Dependence on government health care, both Medicare and Medicaid, is only growing. Over the last 10 years, the number of Americans over the age of 65 has risen by 6 million. Of the 8.5 million who enrolled in the exchanges during 2014, over 6 million enrolled in Medicaid. Scott Atlas, senior fellow at the Hoover Institution, says that 140 million Americans will have government health insurance by 2020.

What does the rise in the number of Americans on Medicare and Medicaid mean for health care? Reduced access to care. Already, a majority of American doctors refuse to treat Medicaid patients, and more than 20 percent of primary care doctors refuse to accept new Medicare patients — five times larger than those who refuse to accept new patients with private insurance. And the number of those refusing to accept Medicare is growing: 10,000 doctors chose not to participate in Medicare in 2012, three times larger than those who opted out in 2009.

America is also facing a doctor shortage of 124,000 physicians by 2025, two-thirds of which will be in specialist care. This is significant, because seniors (who are on Medicare) rely heavily on specialists. Unfortunately, writes Atlas, fewer doctors are going to want to enter the profession due to cuts, noting that the Medicare Payment Advisory Commission has recommended cuts to specialists that, after adjusting for inflation, will amount to a 50 percent drop in payments after a decade.

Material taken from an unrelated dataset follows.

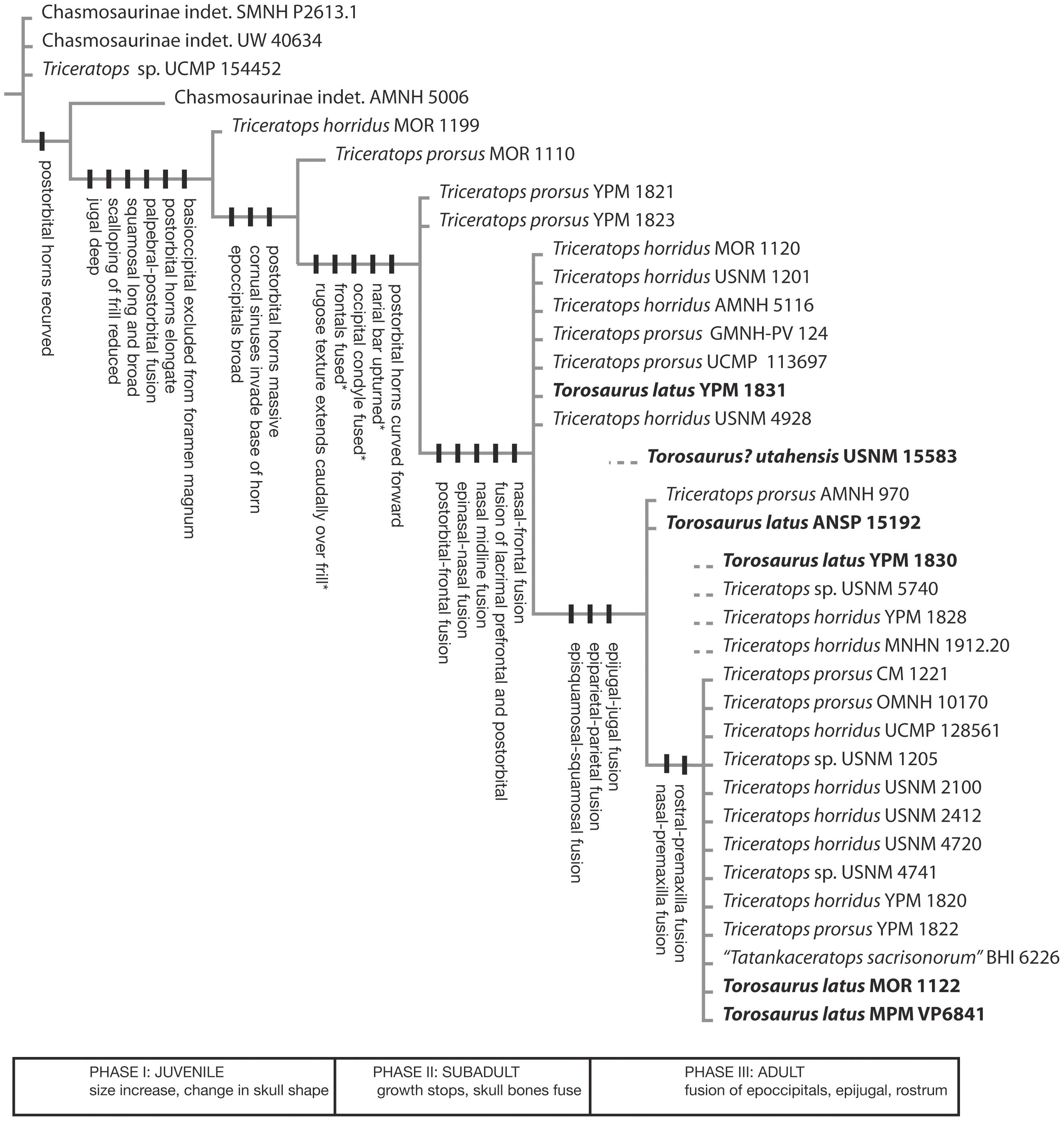 | 10:43, 1 gru 2013 | Torosaurus analiza Longrich i Field 2012 fig5.png (plik) | 742 KB | Nazuul | Wynik analizy ontogenetycznej Longricha i Fielda (2012), ukazujący stadia rozwojowe i cechy na nie wskazujące. Okazy ''Torosaurus'' są pogrubione. Okazy z liniami prowadzącymi do nich miały niepewną pozycję w ramach odpowiednich stadiów. Gwiazdką | 1 | |

Not only will there be fewer doctors to choose from, but insurance plans are limiting access to those doctors who are available in order to keep premium costs down, offering insurance plans that offer relatively few health care providers. According to a report from McKinsey, the vast majority (68 percent) of Obamacare insurance plans provide enrollees with access to narrow or “very narrow” networks, and most of America’s best cancer care hospitals are not included in state exchange plans.

As Atlas explains, government policy is reducing the attractiveness of becoming a doctor and limiting patients’ ability to access specialists and seek care at the nation’s best hospitals.